Problem details: Every line of the listing below from the one with "Title: Attorney General" up to and including the one with "2、最快的是5谎言(多拿多段" should be retyped exactly, and nothing else; pictures are not part of the copy.

Information provided:
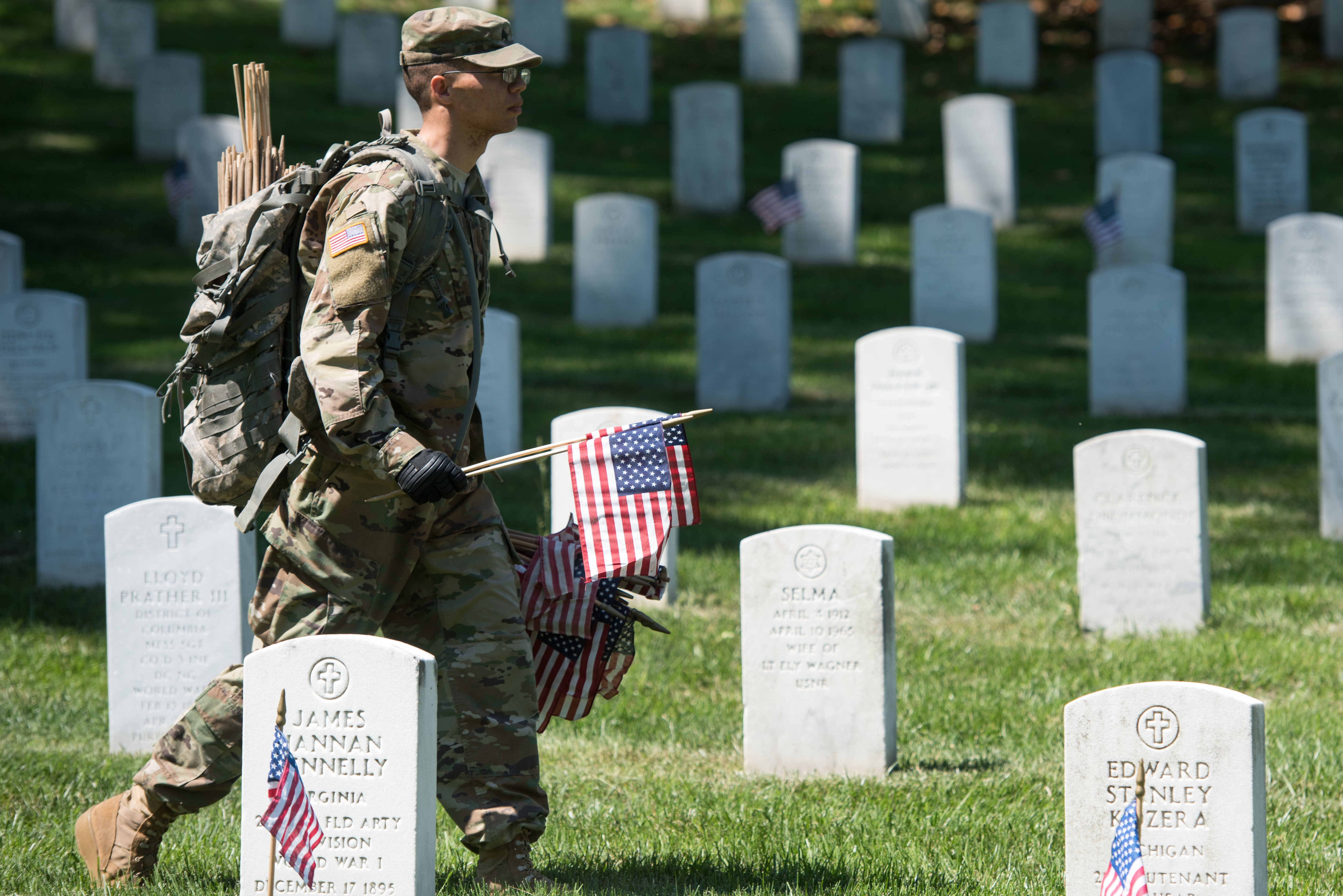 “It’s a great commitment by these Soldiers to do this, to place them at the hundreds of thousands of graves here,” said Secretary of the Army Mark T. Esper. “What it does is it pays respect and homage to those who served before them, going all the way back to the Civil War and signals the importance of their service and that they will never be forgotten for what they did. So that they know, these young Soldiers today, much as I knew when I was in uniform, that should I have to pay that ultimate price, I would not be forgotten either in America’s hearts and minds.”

==

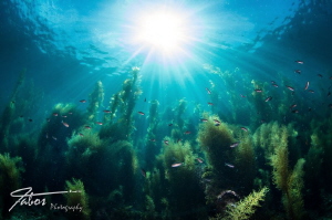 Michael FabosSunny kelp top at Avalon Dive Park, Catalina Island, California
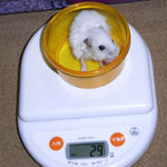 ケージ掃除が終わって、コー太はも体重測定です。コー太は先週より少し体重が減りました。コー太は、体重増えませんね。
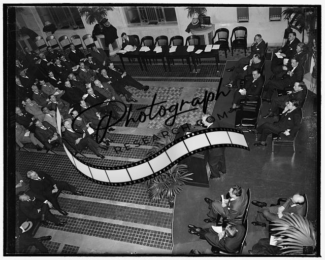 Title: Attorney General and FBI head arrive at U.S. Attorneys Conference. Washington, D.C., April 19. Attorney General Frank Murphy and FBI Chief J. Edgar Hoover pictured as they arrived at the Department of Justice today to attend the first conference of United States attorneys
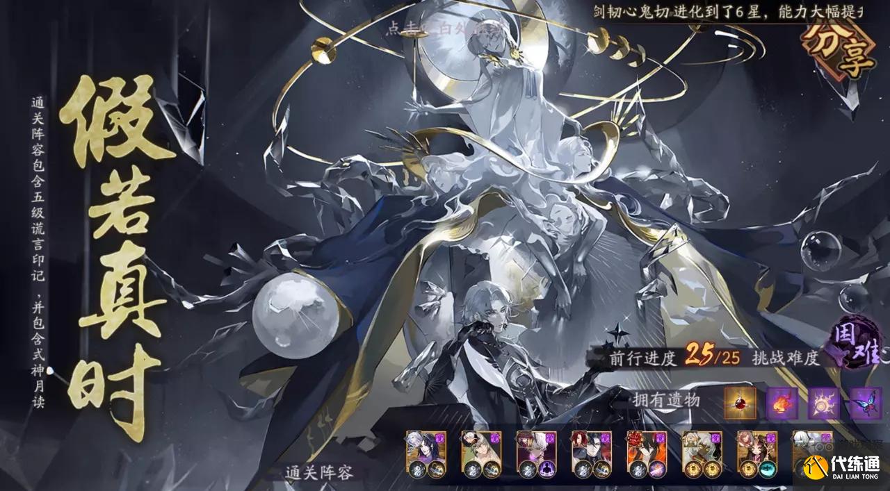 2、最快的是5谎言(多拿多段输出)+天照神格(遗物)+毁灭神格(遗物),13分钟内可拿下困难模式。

Written reply:
 Title: Attorney General and FBI head arrive at U.S. Attorneys Conference. Washington, D.C., April 19. Attorney General Frank Murphy and FBI Chief J. Edgar Hoover pictured as they arrived at the Department of Justice today to attend the first conference of United States attorneys
 2、最快的是5谎言(多拿多段输出)+天照神格(遗物)+毁灭神格(遗物),13分钟内可拿下困难模式。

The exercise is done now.